OCR H240/02 (Pure Mathematics and Statistics) 2020 November

1

1. Differentiate the following with respect to \(x\).
   1. \(( 2 x + 3 ) ^ { 7 }\)
   2. \(x ^ { 3 } \ln x\)
2. Find \(\int \cos 5 x \mathrm {~d} x\).
3. Find the equation of the curve through \(( 1,3 )\) for which \(\frac { \mathrm { d } y } { \mathrm {~d} x } = 6 x - 5\).

2 Simplify fully \(\frac { 2 x ^ { 3 } + x ^ { 2 } - 7 x - 6 } { x ^ { 2 } - x - 2 }\).

3 In this question you should assume that \(- 1 < x < 1\).

1. For the binomial expansion of \(( 1 - x ) ^ { - 2 }\)
   1. find and simplify the first four terms,
   2. write down the term in \(x ^ { n }\).
2. Write down the sum to infinity of the series \(1 + x + x ^ { 2 } + x ^ { 3 } + \ldots\).
3. Hence or otherwise find and simplify an expression for \(2 + 3 x + 4 x ^ { 2 } + 5 x ^ { 3 } + \ldots\) in the form \(\frac { a - x } { ( b - x ) ^ { 2 } }\) where \(a\) and \(b\) are constants to be determined.

4 In this question you must show detailed reasoning.
Solve the equation \(3 \sin ^ { 4 } \phi + \sin ^ { 2 } \phi = 4\), for \(0 \leqslant \phi < 2 \pi\), where \(\phi\) is measured in radians.

5

1. Determine the set of values of \(n\) for which \(\frac { n ^ { 2 } - 1 } { 2 }\) and \(\frac { n ^ { 2 } + 1 } { 2 }\) are positive integers. A 'Pythagorean triple' is a set of three positive integers \(a , b\) and \(c\) such that \(a ^ { 2 } + b ^ { 2 } = c ^ { 2 }\).
2. Prove that, for the set of values of \(n\) found in part (a), the numbers \(n , \frac { n ^ { 2 } - 1 } { 2 }\) and \(\frac { n ^ { 2 } + 1 } { 2 }\) form a Pythagorean triple.

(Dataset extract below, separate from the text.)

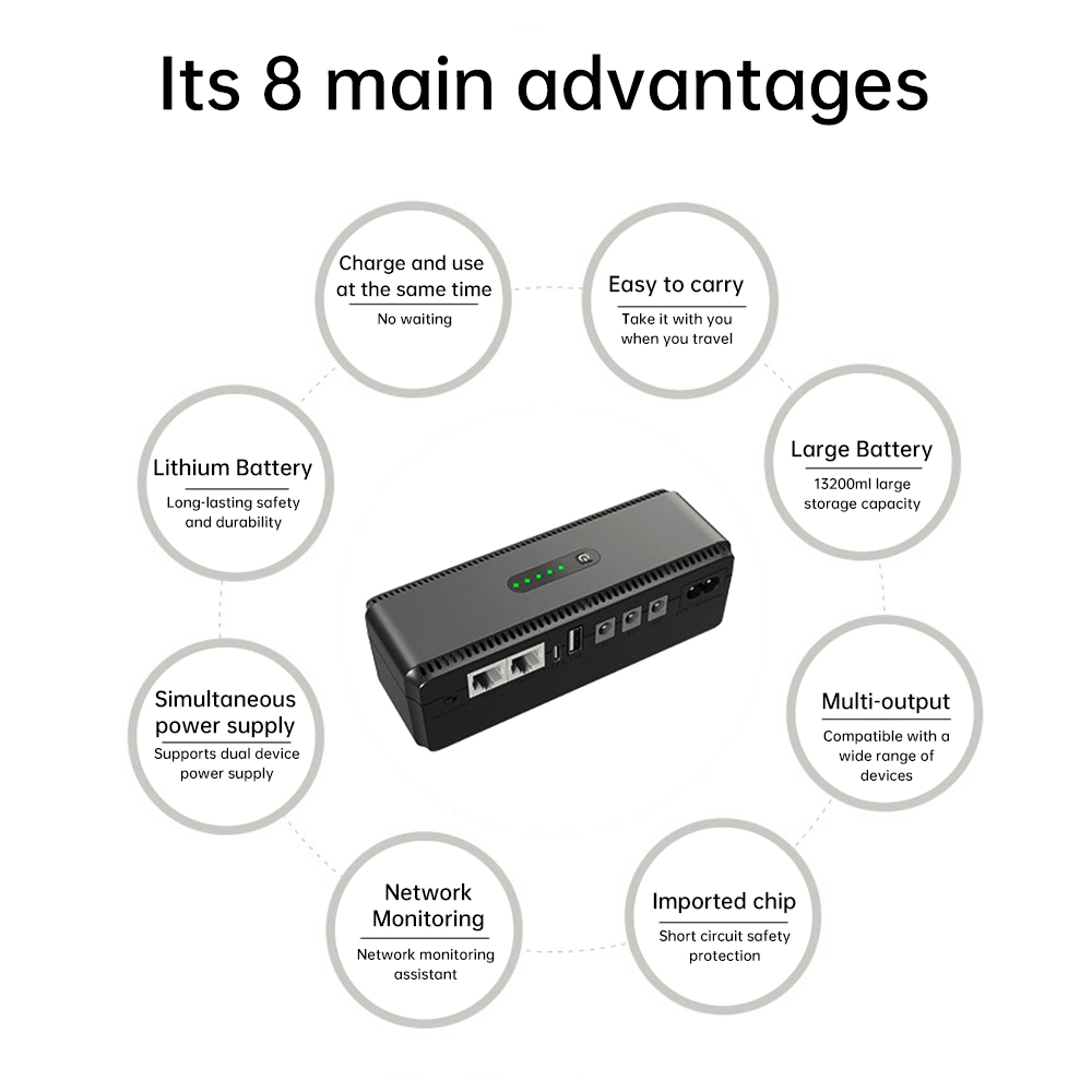Multiple Output Options: Provides a variety of outputs including USB, Type-C, and DC, catering to different device needs.

6 Prove that \(\sqrt { 2 } \cos \left( 2 \theta + 45 ^ { \circ } \right) \equiv \cos ^ { 2 } \theta - 2 \sin \theta \cos \theta - \sin ^ { 2 } \theta\), where \(\theta\) is measured in degrees.
\(7 \quad A\) and \(B\) are fixed points in the \(x - y\) plane. The position vectors of \(A\) and \(B\) are \(\mathbf { a }\) and \(\mathbf { b }\) respectively. State, with reference to points \(A\) and \(B\), the geometrical significance of

1. the quantity \(| \mathbf { a } - \mathbf { b } |\),
2. the vector \(\frac { 1 } { 2 } ( \mathbf { a } + \mathbf { b } )\). The circle \(P\) is the set of points with position vector \(\mathbf { p }\) in the \(x - y\) plane which satisfy \(\left| \mathbf { p } - \frac { 1 } { 2 } ( \mathbf { a } + \mathbf { b } ) \right| = \frac { 1 } { 2 } | \mathbf { a } - \mathbf { b } |\).
3. State, in terms of \(\mathbf { a }\) and \(\mathbf { b }\),
   1. the position vector of the centre of \(P\),
   2. the radius of \(P\). It is now given that \(\mathbf { a } = \binom { 2 } { - 1 } , \mathbf { b } = \binom { 4 } { 5 }\) and \(\mathbf { p } = \binom { x } { y }\).
4. Find a cartesian equation of \(P\).

8 The rate of change of a certain population \(P\) at time \(t\) is modelled by the equation \(\frac { \mathrm { d } P } { \mathrm {~d} t } = ( 100 - P )\). Initially \(P = 2000\).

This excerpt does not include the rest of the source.